Each spring Ainsley's school has a program for grandparents. None of ours could make it this year, but one of m y co-workers 'adopted' her for the day and attended as her grandmother. The kids put on a musical play and afterwards they have a reception in their classroom and do an art project with their grandparents. This year's play was 'Won't You Let Me Take You on a Sea Cruise' - the kids all went on a cruise that featured stories and songs about healthy living - exercising, eating healthy, and unplugging from electronic devices. The kindergarteners sang two songs - F.I.T, and Body Boogie, and then later joined the whole lower school to sing Move It or Lose It, and Sea Cruise.
For your morning laugh, here are the videos of Ainsley and her kindergarten friends singing and dancing their way to health. Enjoy!
This week's educational video is conducted in Spanish. Ainsley has Spanish class twice a week with Senora Blanco and absolutely loves it. She especially loves all the songs they learn (you know how much she loves to sing). This week they made puppets to represent a whole family and sang a version of 'Where is Thumbkin.'
This is how many miles I've put on my 4Runner.

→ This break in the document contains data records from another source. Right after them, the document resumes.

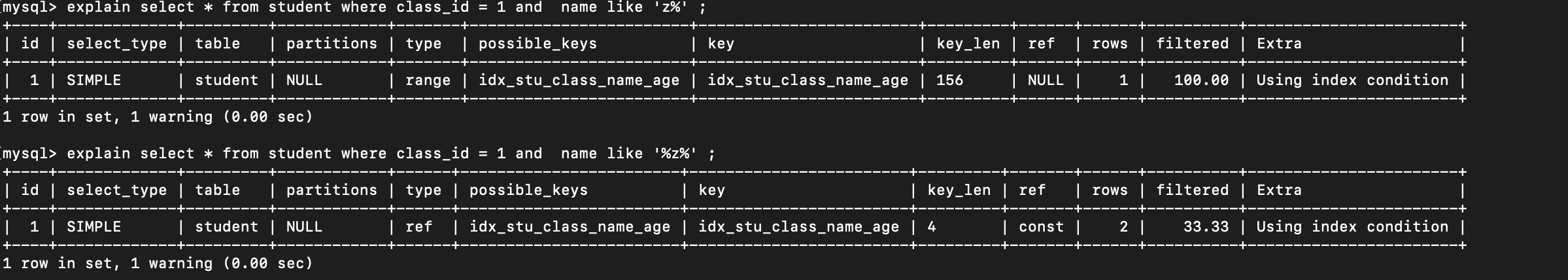 LIKE '%abc'或LIKE '%abc%'会导致索引失效(无法利用前缀匹配)。LIKE 'abc%'可正常使用索引(后缀匹配,符合最左前缀)。此时age索引列也生效了
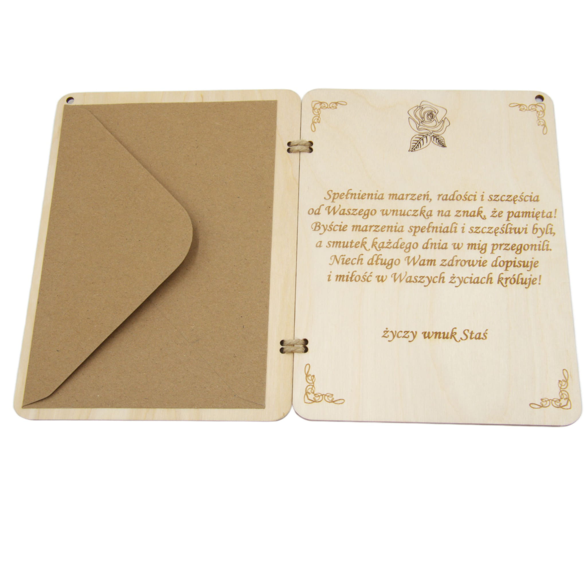 Kupujecie kartkę z grawerem,kopertą i przywieszką.
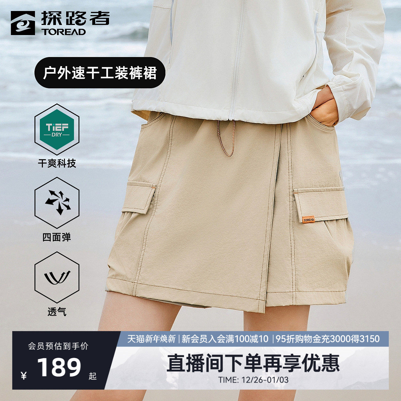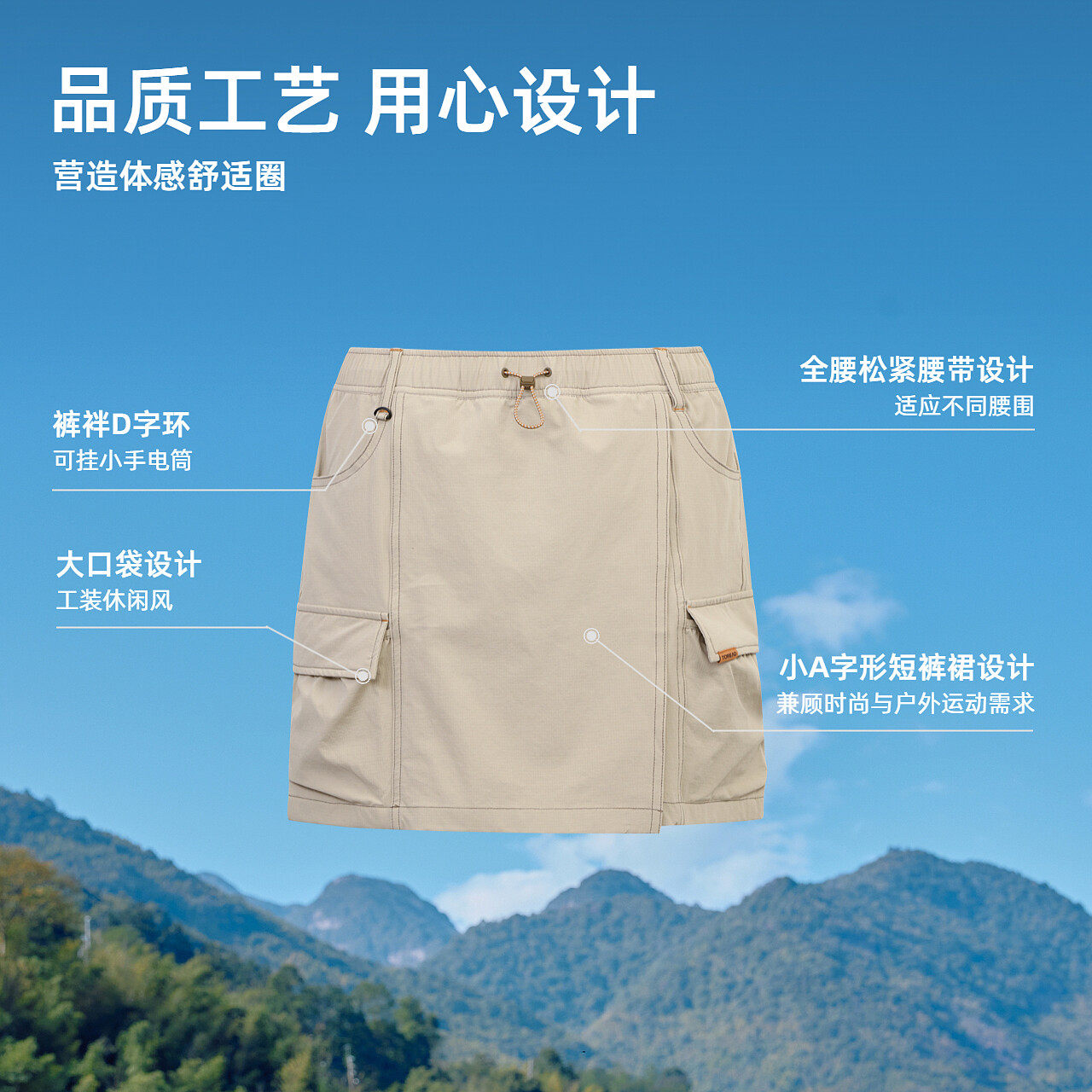 探路者速干裤女春夏季新款户外轻量高弹舒适透气工装休闲短裤裙

Almost 200,000 (now at 199,457). I bought her new in September 2006, which means I've driven an average of 1,936 miles per month for the past 103 months. Kinda crazy when you think about it. I'd like to take a few moments to show my appreciation for this vehicle, which has driven me safely around the East Coast for the past 8 1/2 years.
When I bought her she was just transporting me, my DH, and our 110 lb dog, Duke. When it was time for my Jeep Grand Cherokee to go into retirement, we decided we needed more space for our big furry baby. A few years later we added a car seat in the back for Ainsley, and a few years after that we added another car seat for Parker. Dixie, being half the size of Duke, has all sorts of room to stretch out in the back. Do you know what makes this car great? This.
Everything in this picture came out of my center console. I've posted before about how my family of four could survive in the wilderness for eighteen days on the food that I can fit in my console. I don't know what I kept in there before I had kids, but even 7-11 doesn't have this kind of inventory. You know what else? I fit 37 straws, about 250 napkins, and drugs for every type of ailment in my glove box. That's right, folks. If the apocalypse comes, you definitely want to be in MY car. What other amazingly useful things do I keep cleverly concealed in the pockets and compartments of my 4Runner? Bug spray, three kinds of sunscreen, a first aid kit, a day's supply of diapers and wipes, plastic bags, waterproof bags (for things like wet bathing suits), seven kinds of chap-stick, four bottles of lotion (in various scents, and unscented for my DH), a hair brush, hair bands, three car chargers (which work with all our phones, two kinds of iPads, plus one that will run a regular power cord), two different kinds of ice scrapers, a set of screwdrivers, electrical tape, jumper cables, bungee cords, leather work gloves (both mens and womens sizes), four umbrellas, an extra makeup bag, two quilts, three flashlights, and six pair of sunglasses (for men, women, and children). In addition to this I also have two bags with the kid's entertainment accessories - headphones, coloring books, crayons, trucks, airplanes, trains, puzzles, and books. She is weighed down with all of this (plus two adults, two kids, and a dog) and yet she has never broken down. Aside from regular oil changes and yearly maintenance, we've never taken her in for anything. Sure, she has a few scrapes from turning too close to trees or backing too close to concrete pillars, but what car could survive almost nine years without any cosmetic damage?! Just the occasional ice storm...
We have transported lumber, Christmas trees, baby gear, plants and flowers, freezers, and too-many-to-name home improvement products in her trunk. She has provided a warm and safe place for many afternoon naps.
She has driven us up and down the East Coast and to Kentucky and Tennessee to visit family, trips to the lake and the beach and the ski slopes, pushing through streams and up muddy hillsides to the hunting cabin, and even hauling a military-style air conditioner around the mountain for my mother-in-law's outdoor birthday party.
My dear 4Runner will be leaving me tonight. I hope she finds a good home and is able to get someone else where they need to go. But I must pause and give her thanks for seeing us safely through so many milestones over the past eight years and [almost] 200,000 miles.